>>>>
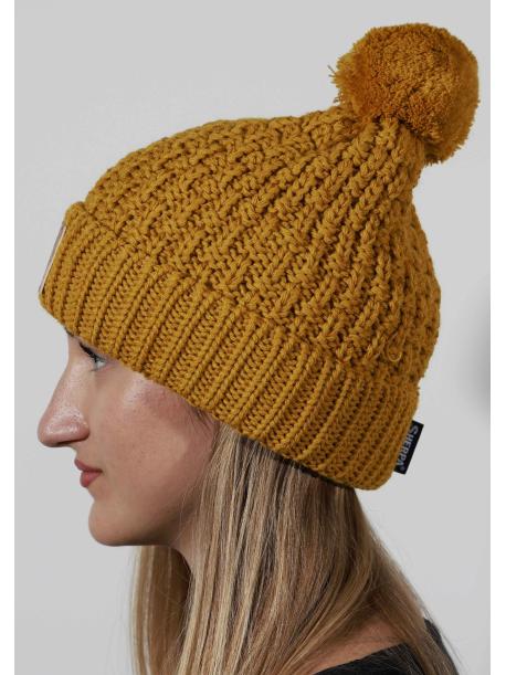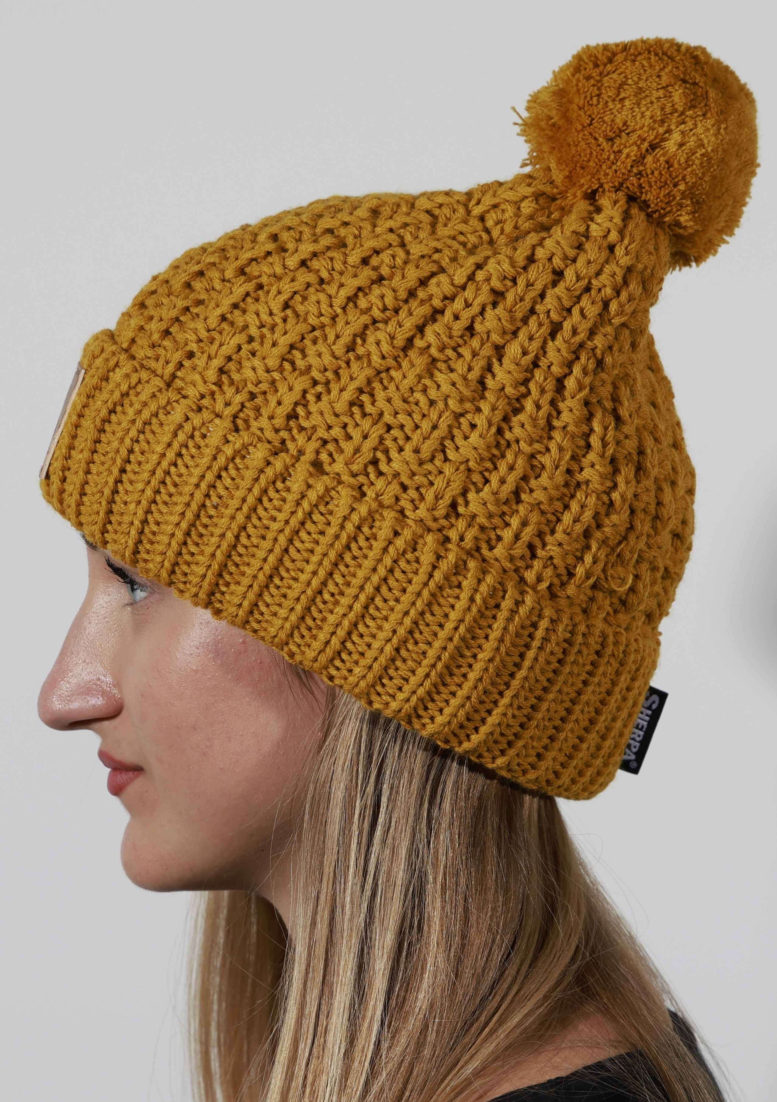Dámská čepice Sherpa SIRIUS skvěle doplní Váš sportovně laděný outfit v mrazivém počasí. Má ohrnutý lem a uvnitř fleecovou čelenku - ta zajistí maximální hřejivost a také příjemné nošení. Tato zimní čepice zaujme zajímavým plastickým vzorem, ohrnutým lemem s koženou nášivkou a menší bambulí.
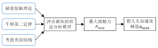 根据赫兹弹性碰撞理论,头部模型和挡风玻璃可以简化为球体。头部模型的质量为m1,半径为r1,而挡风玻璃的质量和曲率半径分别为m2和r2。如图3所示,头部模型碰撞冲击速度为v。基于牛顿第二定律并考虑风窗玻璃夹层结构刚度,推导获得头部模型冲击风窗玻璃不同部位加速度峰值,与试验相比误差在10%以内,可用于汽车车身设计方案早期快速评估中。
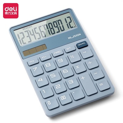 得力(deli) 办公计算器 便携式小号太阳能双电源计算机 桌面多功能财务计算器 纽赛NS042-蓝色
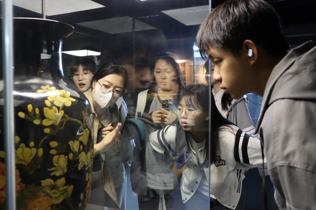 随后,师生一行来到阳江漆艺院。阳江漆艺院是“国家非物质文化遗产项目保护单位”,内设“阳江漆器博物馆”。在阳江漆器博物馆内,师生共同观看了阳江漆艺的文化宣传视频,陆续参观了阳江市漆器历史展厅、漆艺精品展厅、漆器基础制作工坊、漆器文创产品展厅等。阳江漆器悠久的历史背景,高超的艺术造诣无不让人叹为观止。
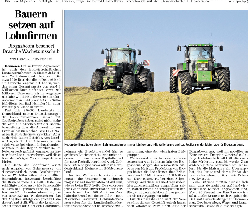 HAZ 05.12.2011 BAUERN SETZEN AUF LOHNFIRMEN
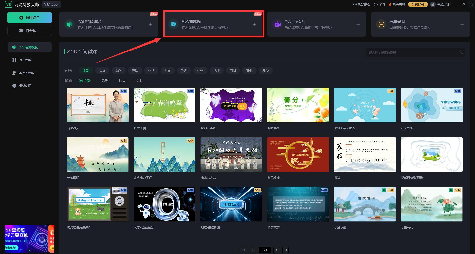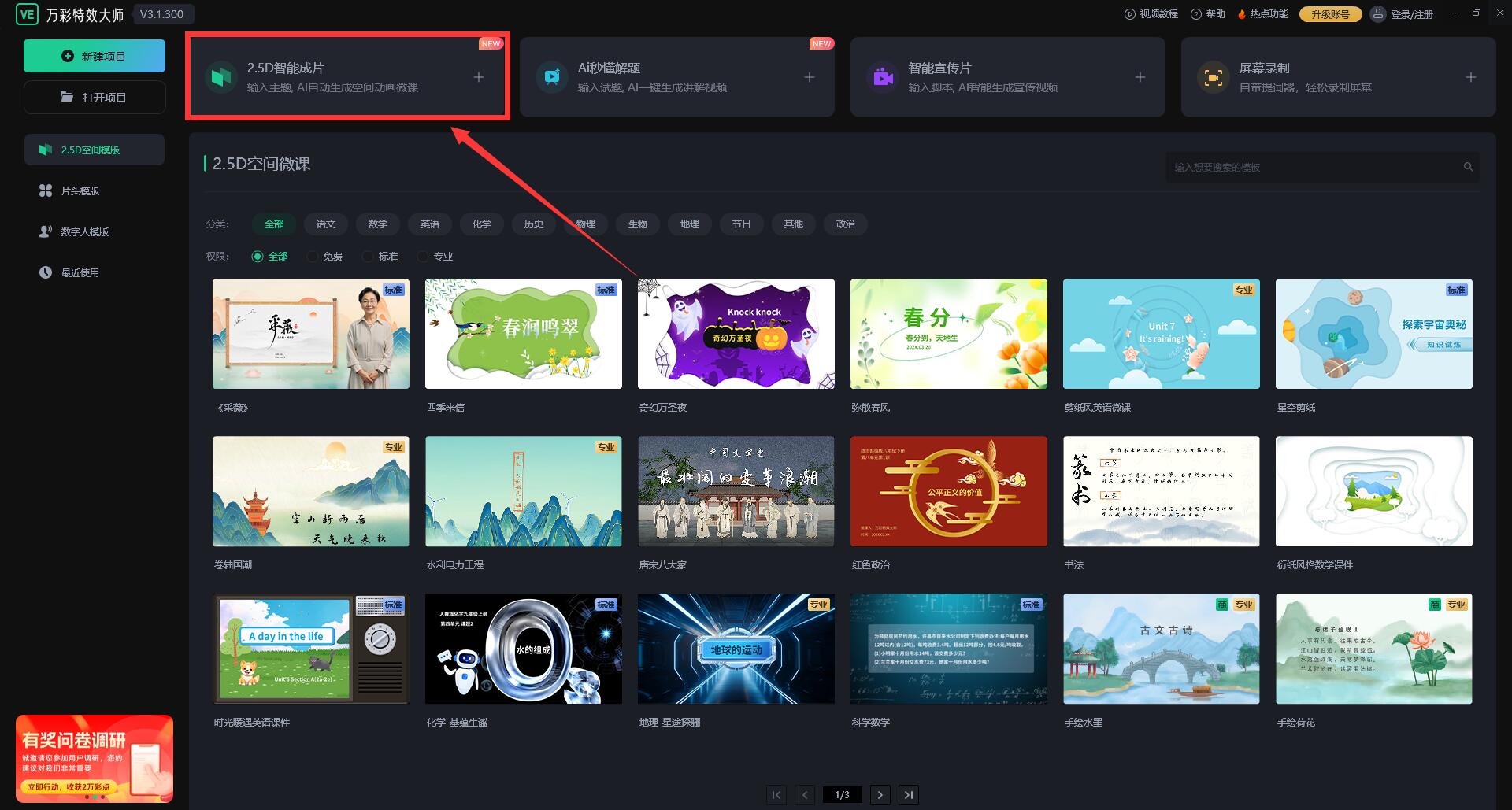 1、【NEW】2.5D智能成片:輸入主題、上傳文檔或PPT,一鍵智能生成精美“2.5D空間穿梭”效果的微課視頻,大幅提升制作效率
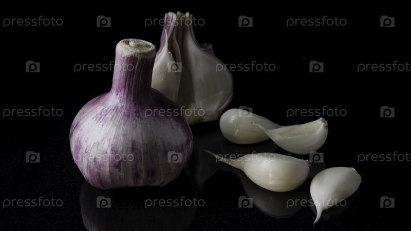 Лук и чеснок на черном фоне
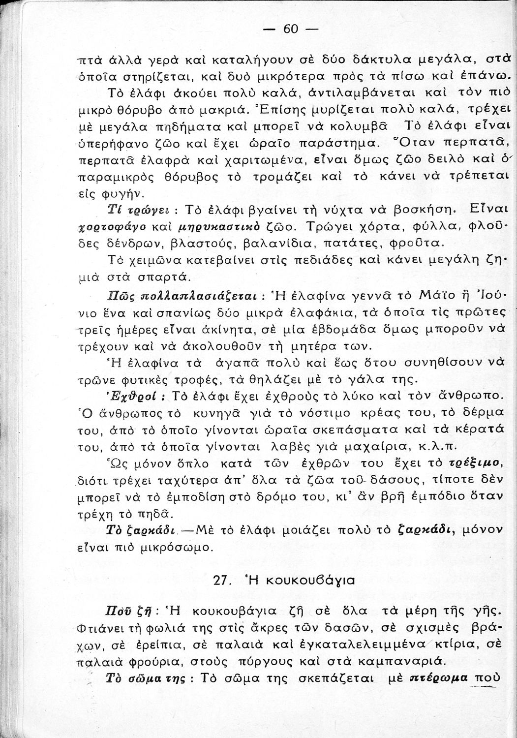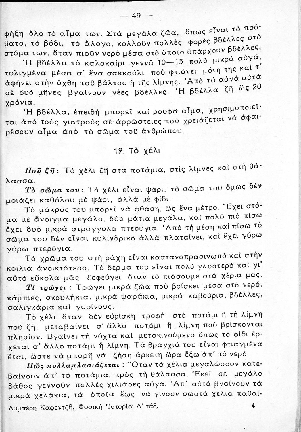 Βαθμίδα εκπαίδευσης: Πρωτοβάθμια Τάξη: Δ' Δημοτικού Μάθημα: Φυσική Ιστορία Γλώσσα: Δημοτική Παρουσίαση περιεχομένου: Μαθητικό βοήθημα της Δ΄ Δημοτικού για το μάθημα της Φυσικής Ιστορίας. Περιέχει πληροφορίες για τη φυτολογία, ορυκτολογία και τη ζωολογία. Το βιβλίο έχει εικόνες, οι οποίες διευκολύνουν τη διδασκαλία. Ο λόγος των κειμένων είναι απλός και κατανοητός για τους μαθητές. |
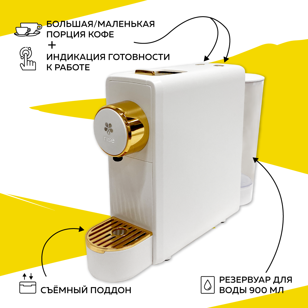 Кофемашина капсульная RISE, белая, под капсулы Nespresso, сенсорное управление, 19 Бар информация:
<<<<
Exercise directions: Omit any images, then output the listing exactly.

Exercise output:
Dámská čepice Sherpa SIRIUS skvěle doplní Váš sportovně laděný outfit v mrazivém počasí. Má ohrnutý lem a uvnitř fleecovou čelenku - ta zajistí maximální hřejivost a také příjemné nošení. Tato zimní čepice zaujme zajímavým plastickým vzorem, ohrnutým lemem s koženou nášivkou a menší bambulí.
 根据赫兹弹性碰撞理论,头部模型和挡风玻璃可以简化为球体。头部模型的质量为m1,半径为r1,而挡风玻璃的质量和曲率半径分别为m2和r2。如图3所示,头部模型碰撞冲击速度为v。基于牛顿第二定律并考虑风窗玻璃夹层结构刚度,推导获得头部模型冲击风窗玻璃不同部位加速度峰值,与试验相比误差在10%以内,可用于汽车车身设计方案早期快速评估中。
 得力(deli) 办公计算器 便携式小号太阳能双电源计算机 桌面多功能财务计算器 纽赛NS042-蓝色
 随后,师生一行来到阳江漆艺院。阳江漆艺院是“国家非物质文化遗产项目保护单位”,内设“阳江漆器博物馆”。在阳江漆器博物馆内,师生共同观看了阳江漆艺的文化宣传视频,陆续参观了阳江市漆器历史展厅、漆艺精品展厅、漆器基础制作工坊、漆器文创产品展厅等。阳江漆器悠久的历史背景,高超的艺术造诣无不让人叹为观止。
 HAZ 05.12.2011 BAUERN SETZEN AUF LOHNFIRMEN
 1、【NEW】2.5D智能成片:輸入主題、上傳文檔或PPT,一鍵智能生成精美“2.5D空間穿梭”效果的微課視頻,大幅提升制作效率
 Лук и чеснок на черном фоне
 Βαθμίδα εκπαίδευσης: Πρωτοβάθμια Τάξη: Δ' Δημοτικού Μάθημα: Φυσική Ιστορία Γλώσσα: Δημοτική Παρουσίαση περιεχομένου: Μαθητικό βοήθημα της Δ΄ Δημοτικού για το μάθημα της Φυσικής Ιστορίας. Περιέχει πληροφορίες για τη φυτολογία, ορυκτολογία και τη ζωολογία. Το βιβλίο έχει εικόνες, οι οποίες διευκολύνουν τη διδασκαλία. Ο λόγος των κειμένων είναι απλός και κατανοητός για τους μαθητές. |
 Кофемашина капсульная RISE, белая, под капсулы Nespresso, сенсорное управление, 19 Бар информация:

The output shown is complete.